* _MATERIAL PROVIDED_:
----------
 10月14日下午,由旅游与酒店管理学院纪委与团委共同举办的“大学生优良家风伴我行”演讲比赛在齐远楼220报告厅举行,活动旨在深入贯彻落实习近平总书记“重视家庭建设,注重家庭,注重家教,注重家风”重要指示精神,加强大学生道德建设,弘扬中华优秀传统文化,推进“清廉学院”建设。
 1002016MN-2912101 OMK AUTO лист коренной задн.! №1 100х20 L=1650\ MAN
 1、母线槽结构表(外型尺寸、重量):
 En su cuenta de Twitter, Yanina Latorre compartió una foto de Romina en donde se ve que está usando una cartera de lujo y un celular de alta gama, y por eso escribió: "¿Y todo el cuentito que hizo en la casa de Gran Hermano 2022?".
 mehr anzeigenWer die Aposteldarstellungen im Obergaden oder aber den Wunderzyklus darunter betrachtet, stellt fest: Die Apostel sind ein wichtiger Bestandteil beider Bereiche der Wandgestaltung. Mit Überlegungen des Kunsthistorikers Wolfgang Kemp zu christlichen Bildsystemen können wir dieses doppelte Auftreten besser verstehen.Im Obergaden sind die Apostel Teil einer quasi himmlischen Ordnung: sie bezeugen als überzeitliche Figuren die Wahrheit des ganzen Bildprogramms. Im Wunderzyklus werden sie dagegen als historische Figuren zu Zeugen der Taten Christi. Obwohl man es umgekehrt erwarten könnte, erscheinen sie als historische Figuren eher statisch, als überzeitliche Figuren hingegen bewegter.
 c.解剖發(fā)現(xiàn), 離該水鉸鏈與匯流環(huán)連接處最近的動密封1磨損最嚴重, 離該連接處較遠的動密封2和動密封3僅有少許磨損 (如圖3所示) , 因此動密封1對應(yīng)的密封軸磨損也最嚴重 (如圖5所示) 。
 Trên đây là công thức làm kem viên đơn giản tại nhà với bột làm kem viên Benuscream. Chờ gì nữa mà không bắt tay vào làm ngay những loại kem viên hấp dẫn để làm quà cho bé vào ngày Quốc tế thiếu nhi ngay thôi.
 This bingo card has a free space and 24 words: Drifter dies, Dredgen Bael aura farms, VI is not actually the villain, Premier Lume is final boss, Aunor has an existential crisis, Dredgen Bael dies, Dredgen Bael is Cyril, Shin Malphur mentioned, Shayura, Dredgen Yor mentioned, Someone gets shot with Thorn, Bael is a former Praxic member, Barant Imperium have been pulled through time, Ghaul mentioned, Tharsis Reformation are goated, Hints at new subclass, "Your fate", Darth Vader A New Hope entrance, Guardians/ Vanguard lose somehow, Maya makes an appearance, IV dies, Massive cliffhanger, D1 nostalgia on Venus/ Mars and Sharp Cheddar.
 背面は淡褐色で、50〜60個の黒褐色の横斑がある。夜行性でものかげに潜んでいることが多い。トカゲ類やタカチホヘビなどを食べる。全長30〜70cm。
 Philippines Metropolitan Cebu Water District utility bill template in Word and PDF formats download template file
----------
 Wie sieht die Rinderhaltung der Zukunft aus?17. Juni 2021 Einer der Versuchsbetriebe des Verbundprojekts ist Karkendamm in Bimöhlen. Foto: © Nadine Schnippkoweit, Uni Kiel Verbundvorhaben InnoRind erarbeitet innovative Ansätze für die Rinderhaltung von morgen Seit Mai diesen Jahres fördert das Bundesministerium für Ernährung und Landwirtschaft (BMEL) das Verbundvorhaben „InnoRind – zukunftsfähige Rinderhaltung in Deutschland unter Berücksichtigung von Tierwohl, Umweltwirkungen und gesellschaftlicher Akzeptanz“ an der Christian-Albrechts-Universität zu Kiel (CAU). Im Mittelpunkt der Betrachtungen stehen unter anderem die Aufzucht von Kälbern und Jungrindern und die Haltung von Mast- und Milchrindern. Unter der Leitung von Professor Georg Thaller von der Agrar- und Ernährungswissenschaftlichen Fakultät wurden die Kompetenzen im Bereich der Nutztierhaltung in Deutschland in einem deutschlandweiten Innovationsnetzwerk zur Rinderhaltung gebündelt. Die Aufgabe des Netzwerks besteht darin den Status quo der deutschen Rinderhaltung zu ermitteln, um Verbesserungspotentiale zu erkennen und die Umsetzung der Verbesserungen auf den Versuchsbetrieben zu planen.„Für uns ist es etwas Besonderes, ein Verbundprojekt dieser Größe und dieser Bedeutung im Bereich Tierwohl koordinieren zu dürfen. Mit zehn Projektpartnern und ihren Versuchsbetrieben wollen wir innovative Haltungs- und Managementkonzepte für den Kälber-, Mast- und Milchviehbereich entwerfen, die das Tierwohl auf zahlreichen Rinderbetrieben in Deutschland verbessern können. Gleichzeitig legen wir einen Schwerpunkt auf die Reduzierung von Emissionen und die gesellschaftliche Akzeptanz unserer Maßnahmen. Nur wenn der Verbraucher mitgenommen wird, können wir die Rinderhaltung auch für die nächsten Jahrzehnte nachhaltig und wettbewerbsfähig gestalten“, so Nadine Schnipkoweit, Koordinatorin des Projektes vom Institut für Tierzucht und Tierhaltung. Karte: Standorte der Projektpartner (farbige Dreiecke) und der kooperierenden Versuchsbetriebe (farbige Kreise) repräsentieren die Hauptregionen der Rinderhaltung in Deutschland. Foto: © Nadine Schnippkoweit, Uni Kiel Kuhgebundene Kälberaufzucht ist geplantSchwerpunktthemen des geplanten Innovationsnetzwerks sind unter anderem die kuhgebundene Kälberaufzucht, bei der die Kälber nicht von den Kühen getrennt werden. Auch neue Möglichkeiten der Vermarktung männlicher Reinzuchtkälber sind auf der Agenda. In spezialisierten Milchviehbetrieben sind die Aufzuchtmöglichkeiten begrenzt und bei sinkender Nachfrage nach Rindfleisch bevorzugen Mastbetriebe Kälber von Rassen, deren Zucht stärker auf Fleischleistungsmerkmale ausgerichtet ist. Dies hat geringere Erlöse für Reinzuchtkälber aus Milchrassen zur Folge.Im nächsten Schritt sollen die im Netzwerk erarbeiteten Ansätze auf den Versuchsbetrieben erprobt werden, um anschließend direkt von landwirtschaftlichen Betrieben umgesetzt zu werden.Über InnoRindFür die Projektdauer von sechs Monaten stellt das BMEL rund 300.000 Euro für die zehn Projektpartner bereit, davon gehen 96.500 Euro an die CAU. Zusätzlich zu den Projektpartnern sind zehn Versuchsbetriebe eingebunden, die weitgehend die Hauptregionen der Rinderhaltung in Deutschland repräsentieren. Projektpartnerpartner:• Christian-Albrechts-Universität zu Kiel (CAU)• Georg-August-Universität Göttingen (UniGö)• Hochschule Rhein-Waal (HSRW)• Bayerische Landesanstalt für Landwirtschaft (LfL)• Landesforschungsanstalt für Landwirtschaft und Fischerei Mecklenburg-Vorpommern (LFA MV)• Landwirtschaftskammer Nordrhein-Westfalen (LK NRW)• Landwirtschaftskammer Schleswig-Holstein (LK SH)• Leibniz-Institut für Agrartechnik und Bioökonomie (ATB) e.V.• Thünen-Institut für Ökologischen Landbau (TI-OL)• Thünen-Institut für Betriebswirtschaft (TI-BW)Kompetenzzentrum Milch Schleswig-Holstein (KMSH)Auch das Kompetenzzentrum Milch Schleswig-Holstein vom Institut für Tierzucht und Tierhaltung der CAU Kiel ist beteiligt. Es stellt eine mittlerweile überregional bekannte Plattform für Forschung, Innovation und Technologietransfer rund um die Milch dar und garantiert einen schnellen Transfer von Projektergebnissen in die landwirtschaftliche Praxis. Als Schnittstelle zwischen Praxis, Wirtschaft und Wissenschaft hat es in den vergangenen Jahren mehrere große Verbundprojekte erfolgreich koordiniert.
----------
Copy out only the lines of the records above from the one with "背面は淡褐色で、50〜60個" through the one with "Philippines Metropolitan Cebu", exactly as they stand, both included.

* _RESPONSE TO THIS TASK_:
 背面は淡褐色で、50〜60個の黒褐色の横斑がある。夜行性でものかげに潜んでいることが多い。トカゲ類やタカチホヘビなどを食べる。全長30〜70cm。
 Philippines Metropolitan Cebu Water District utility bill template in Word and PDF formats download template file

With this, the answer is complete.